- Problem description: Copy each record below faithfully, leaving out images.

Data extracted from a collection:
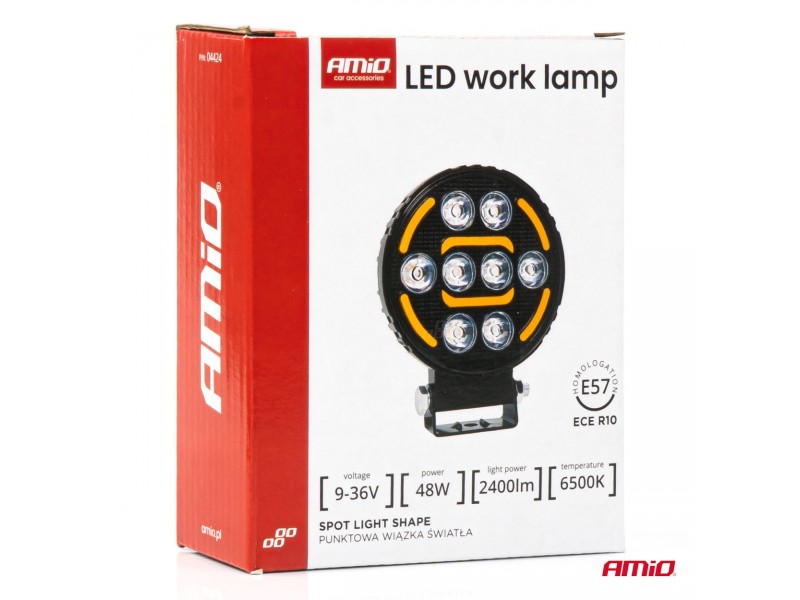 Amio - Προβολέας Εργασίας Led AWL80 Spot 48W 2400lm Με Λευκό + Κίτρινο Φώς προειδοποίησης9/36V - 1 τεμ. (04424/AM)
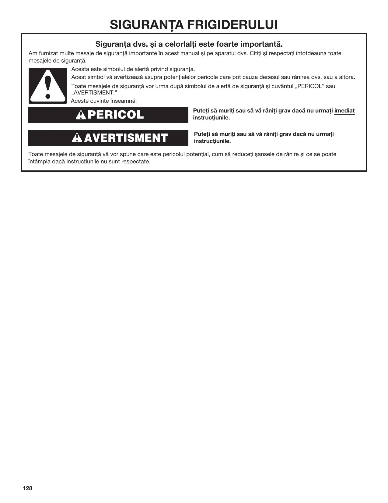Nerespectarea acestor instructiuni poate duce la deces, incendiu sau electrocutare.
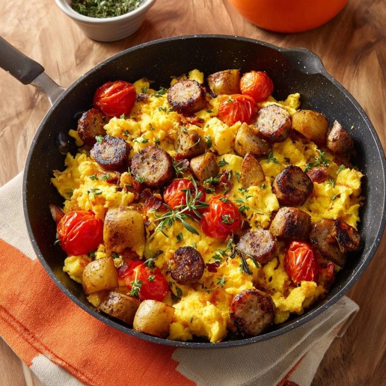 Weiterlesen Knusprige Kartoffel-Wurst-Pfanne mit Rührei – RezeptWeiter
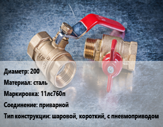 Кран металлический 200 сталь 11лс760п приварной шаровой, короткий, с пневмоприводом
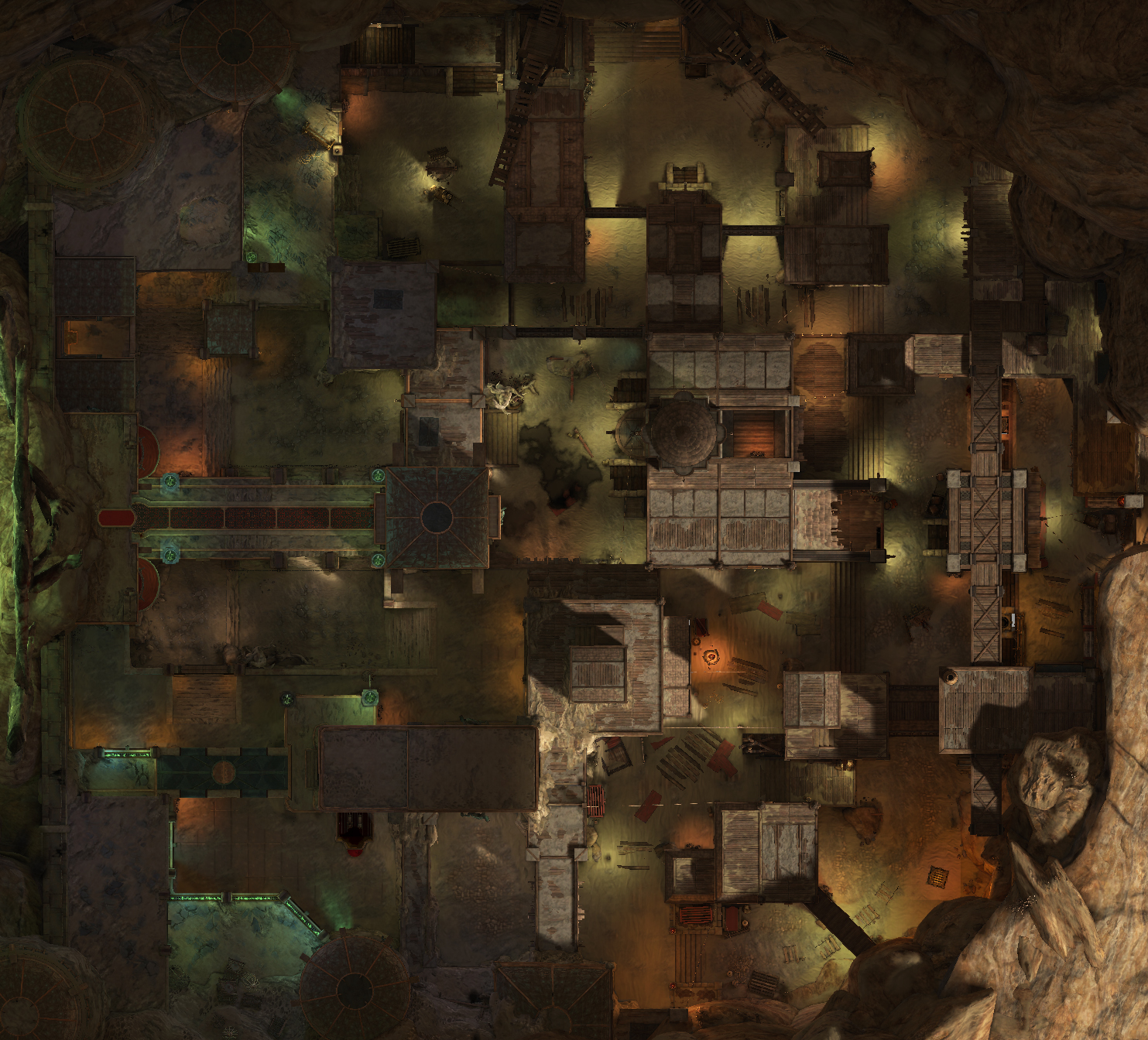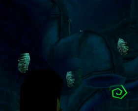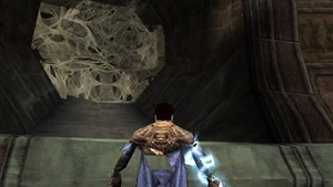 Throughout the Cathedral large pipe-like openings can be seen on the walls which are covered by webs that move with air current. This gives the impression of external openings that had been blocked by the zephonim.

- Answer section:
 Amio - Προβολέας Εργασίας Led AWL80 Spot 48W 2400lm Με Λευκό + Κίτρινο Φώς προειδοποίησης9/36V - 1 τεμ. (04424/AM)
Nerespectarea acestor instructiuni poate duce la deces, incendiu sau electrocutare.
 Weiterlesen Knusprige Kartoffel-Wurst-Pfanne mit Rührei – RezeptWeiter
 Кран металлический 200 сталь 11лс760п приварной шаровой, короткий, с пневмоприводом
 Throughout the Cathedral large pipe-like openings can be seen on the walls which are covered by webs that move with air current. This gives the impression of external openings that had been blocked by the zephonim.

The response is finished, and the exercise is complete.